- Data below:
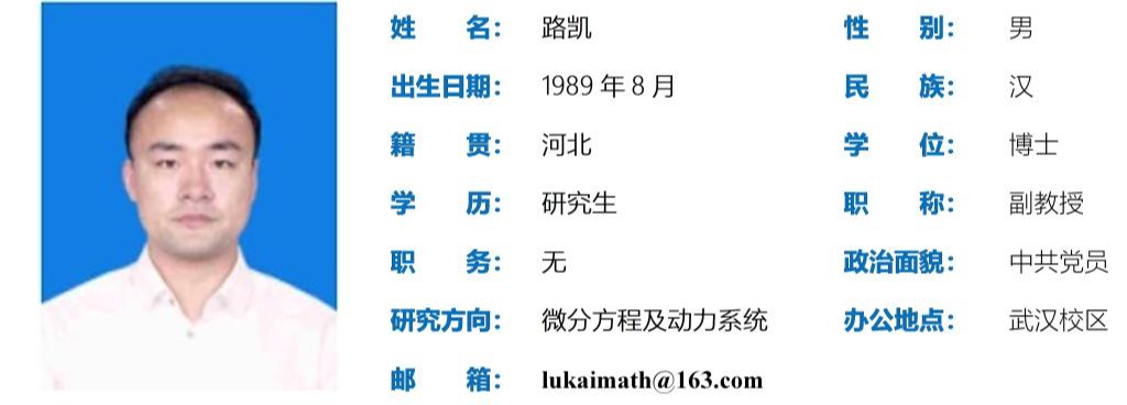 路凯,男,生于1989年8月,博士,副教授,主要研究方向为微分方程及动力系统。2019年12月毕业于华南理工大学亚洲无码
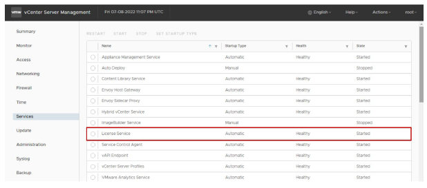 Vous pouvez surveiller l’état de santé et le statut du vSphere License Service à l’aide de l’interface de gestion de vCenter.
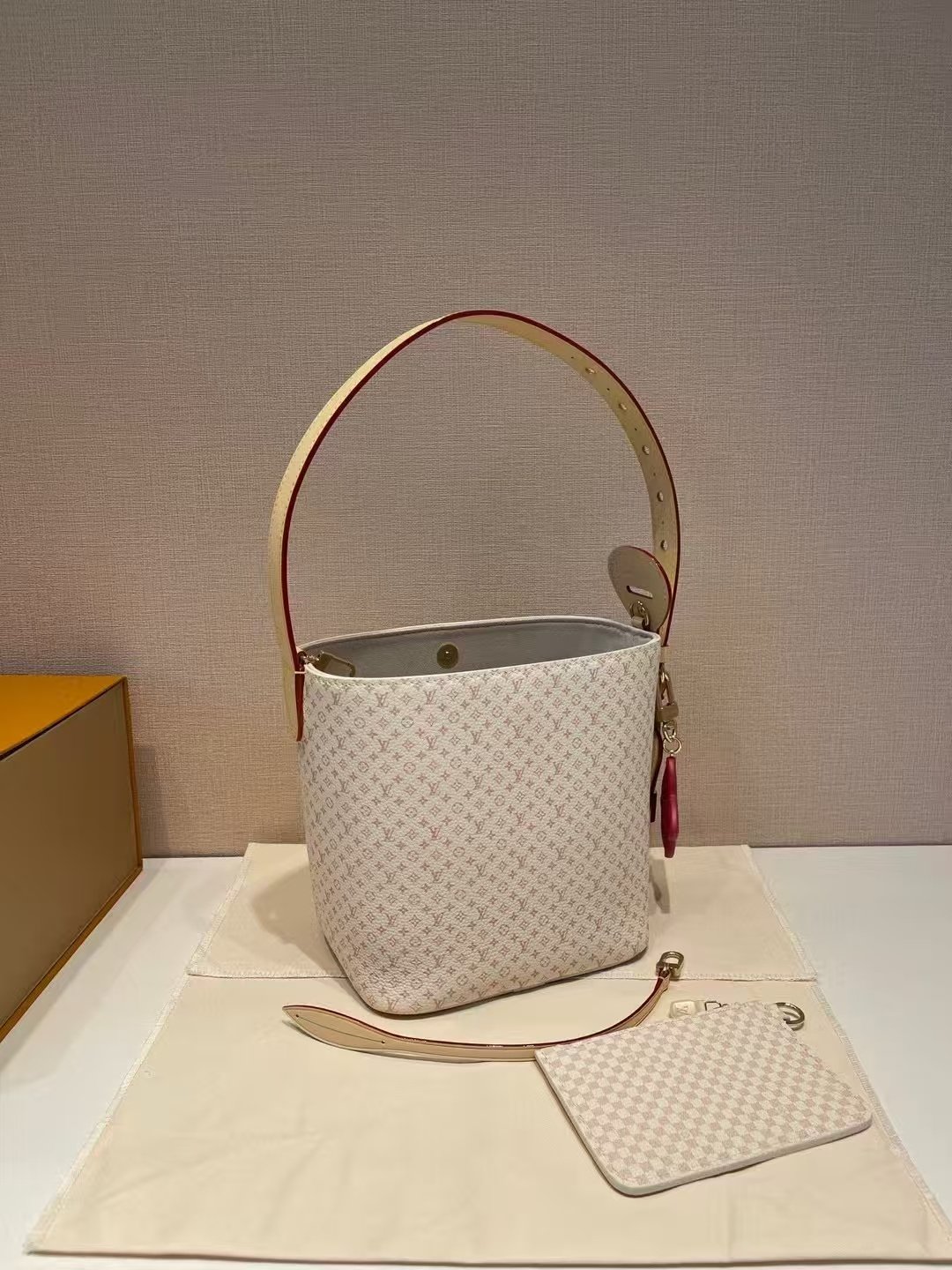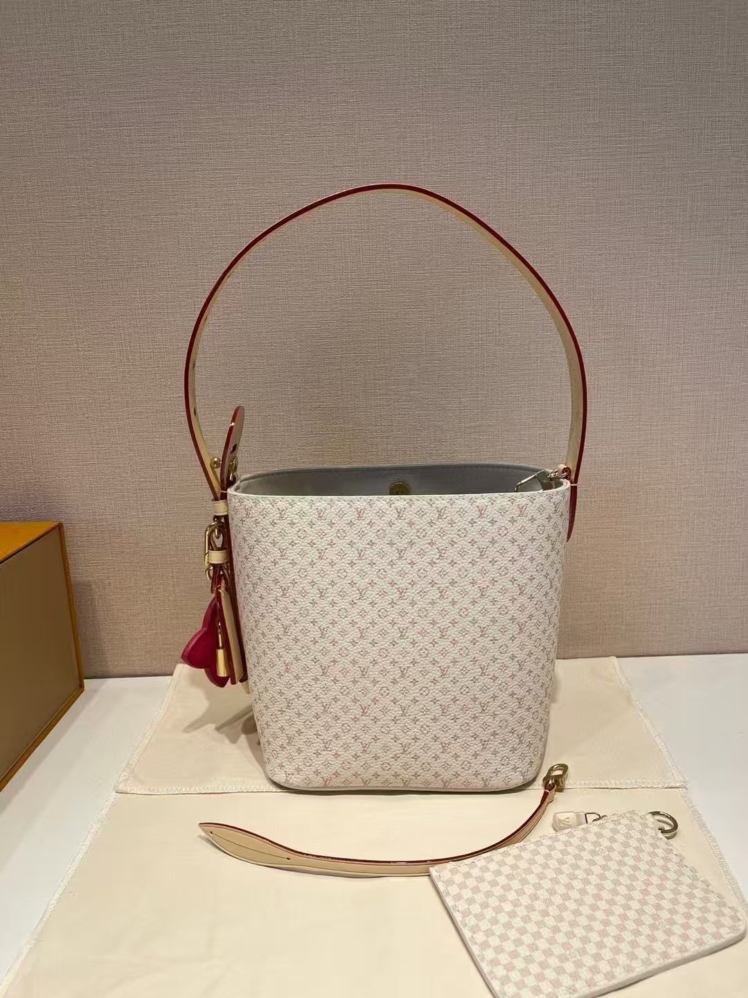 This is a Louis Vuitton bucket bag set in a light pink Monogram canvas, featuring a structured silhouette, a detachable pouch, an adjustable strap, and a decorative charm. Presented with LV’s signature packaging, it embodies the brand’s blend of timeless design and feminine elegance.
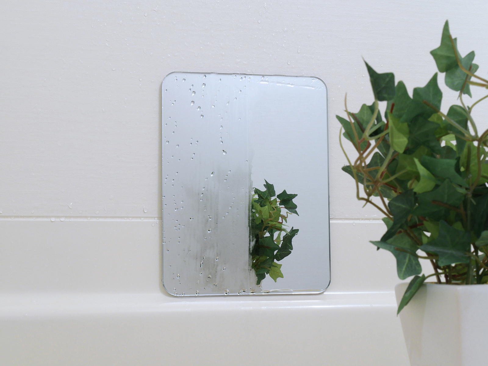 ※鏡の表面に水の膜ができてくもりを防ぎます。入浴ごとにシャワーなどで鏡を濡らしてください。

- What the task requires:
Without the pictures, write out the whole listing exactly as it appears.

- Result:
 路凯,男,生于1989年8月,博士,副教授,主要研究方向为微分方程及动力系统。2019年12月毕业于华南理工大学亚洲无码
 Vous pouvez surveiller l’état de santé et le statut du vSphere License Service à l’aide de l’interface de gestion de vCenter.
 This is a Louis Vuitton bucket bag set in a light pink Monogram canvas, featuring a structured silhouette, a detachable pouch, an adjustable strap, and a decorative charm. Presented with LV’s signature packaging, it embodies the brand’s blend of timeless design and feminine elegance.
 ※鏡の表面に水の膜ができてくもりを防ぎます。入浴ごとにシャワーなどで鏡を濡らしてください。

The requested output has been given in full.